I thought arrays were objects in Java and thus reference types.

• A stupid way
void rotate(vector<int>& nums, int k) {
int n=nums.size();
int count=(k%n==0 ? 0:n-k%n);
for(int i=0;i<count;i++){
nums.push_back(nums[i]);
}
nums.erase(nums.begin(),nums.begin()+count);
}

• @emkk Hey dude, I have the same quesiont with you. Took me some while but check this out https://leetcode.com/playground/new

See how the main class call the solution, it is passing an array to nums, thus any redirect of nums only change what it is points to, we have to make sure the ORIGINAL array object is changed, not redirecting the reference.

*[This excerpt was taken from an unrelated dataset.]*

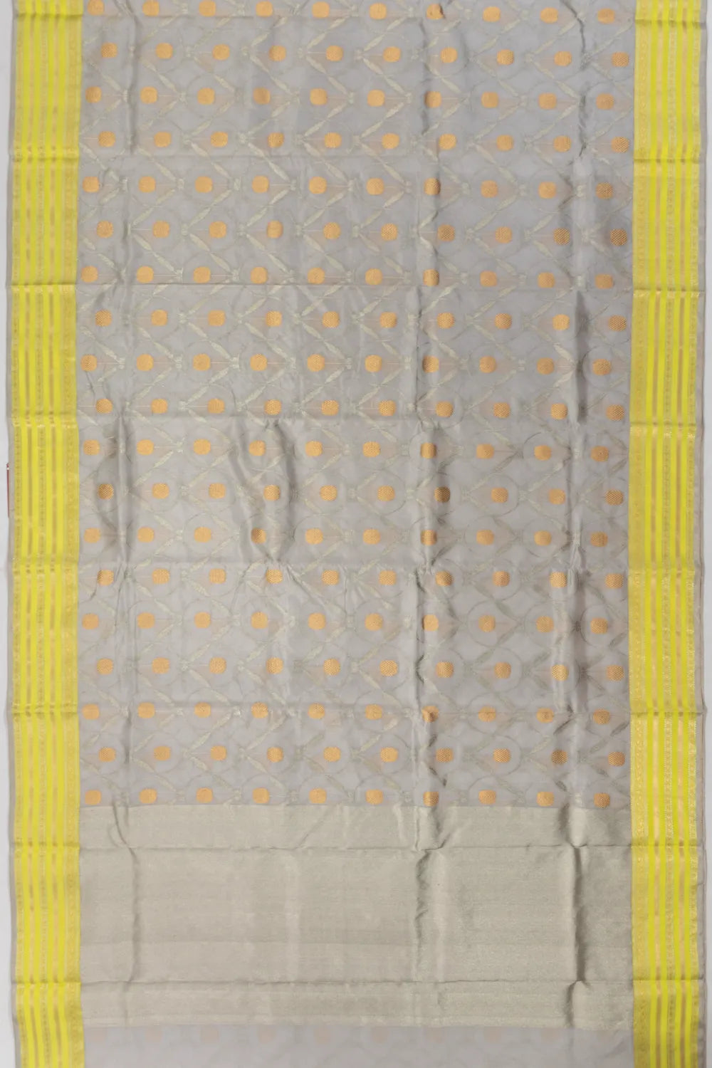 Elegant grey base featuring a rich all-over floral jaal in shimmering gold and silver zari, offering a refined, timeless charm.
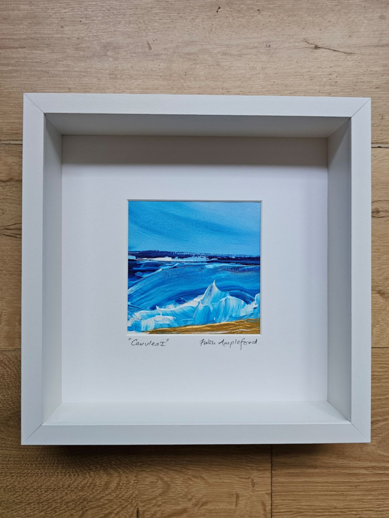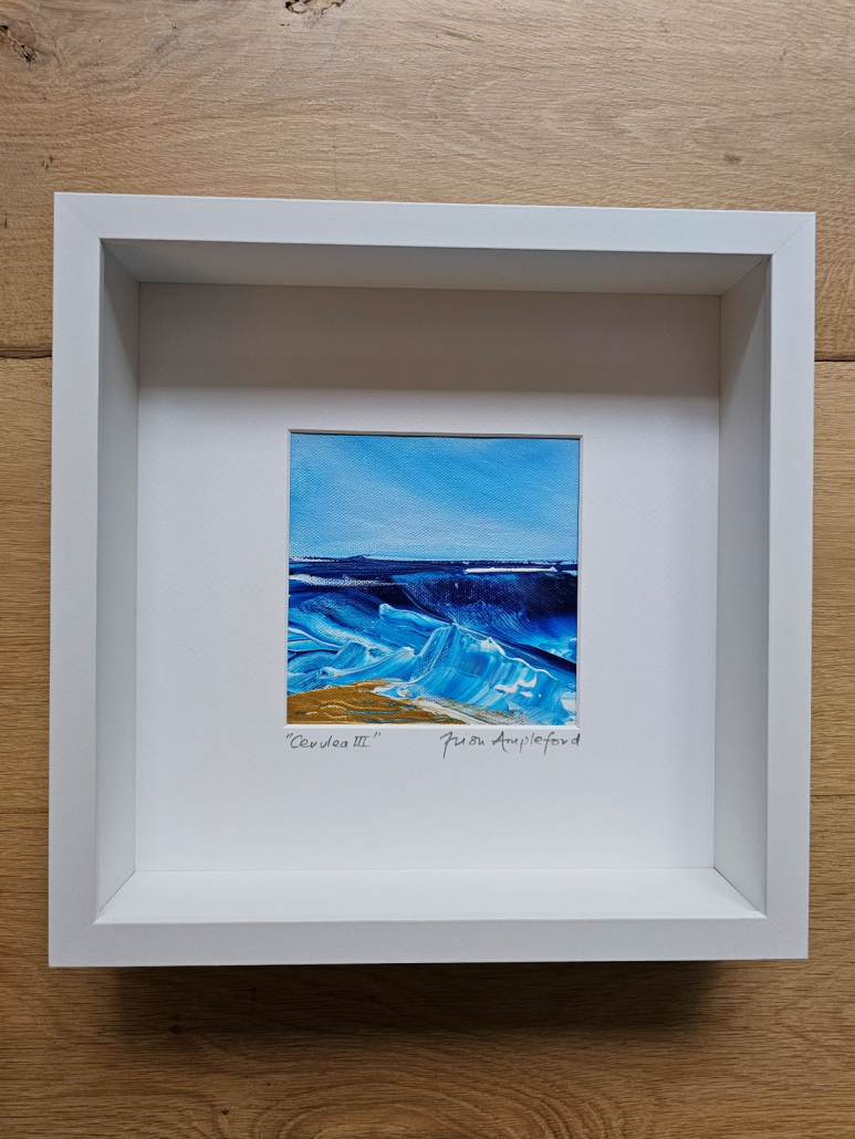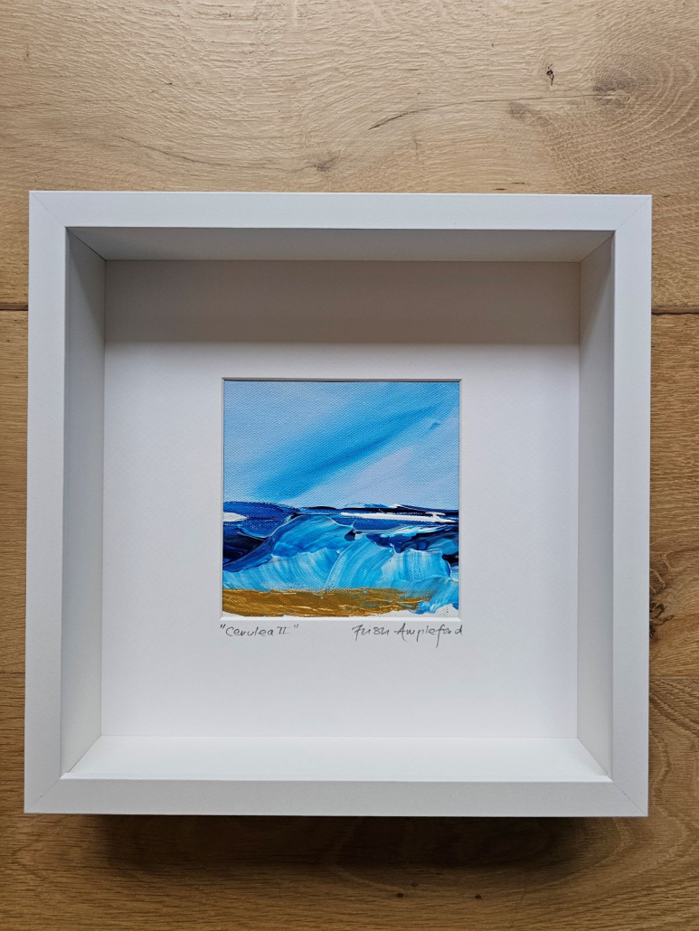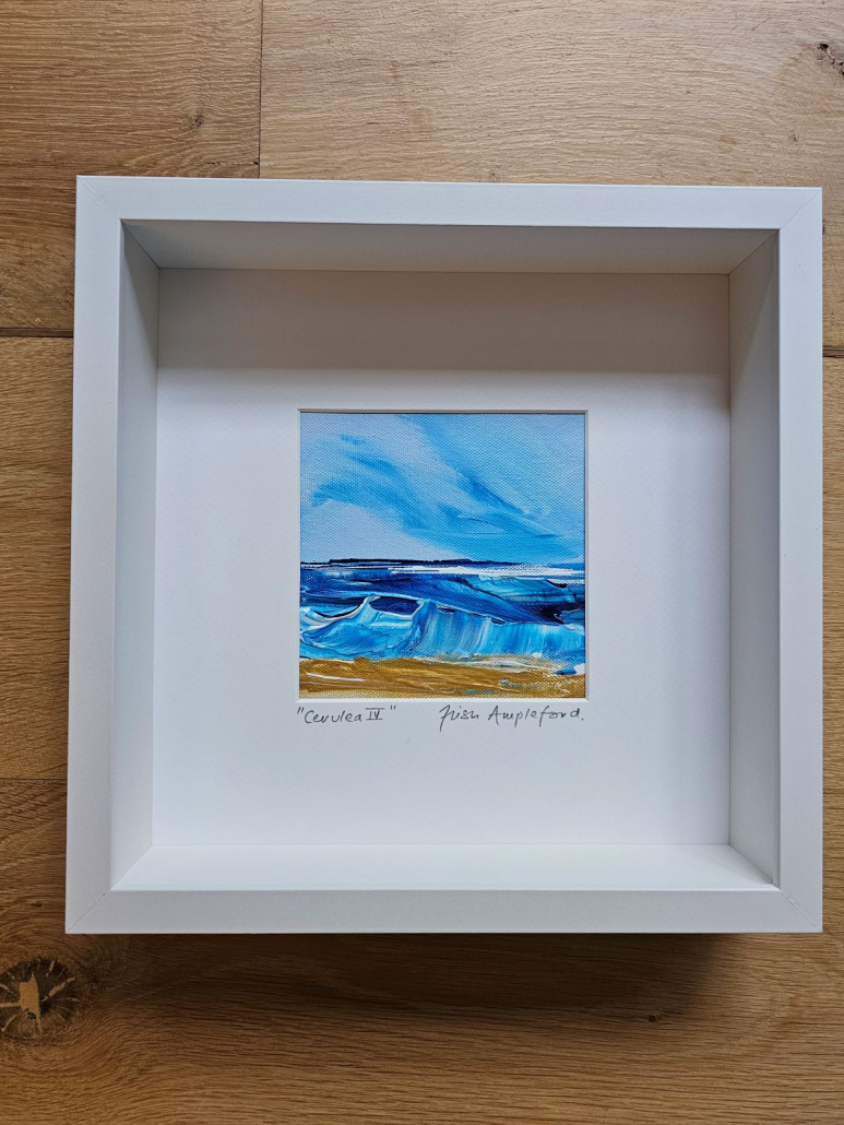 If you’re looking to bring the sea into your space these mini acrylic impasto pieces may be just the thing. Each one is different and captures the vibrant cerulean blue of the sea. All are signed and framed in crisp white deep wooden modern frames and ready to hang. These can be purchased individually for £95 each or £350 for the set of 4, plus P&P. If you would like to purchase one or all of these stunning pieces, please email me at trish@trishamplefordart.co.uk

• @emkk Update, the link I put in the initial reply not valide. You have to click the >_ icon in the question to enter mode ` Debug Code in playground` and view the code for main class there.

• #include<stdio.h>
void rotate(int* nums, int numsSize, int k) {
int arr[500];
int i=0;
for(i=0;i<numsSize;i++)
arr[i]=nums[i];
for(i=0;i<numsSize;i++)
{
int st=i;
st+=k;
if(st>numsSize-1)
st=st-numsSize;
nums[st]=arr[i];
}

}

whats the problem with this code i have used an extra array it shows runtime exception error????

• I feel do while loop in the solution is not needed. We can just use a while loop.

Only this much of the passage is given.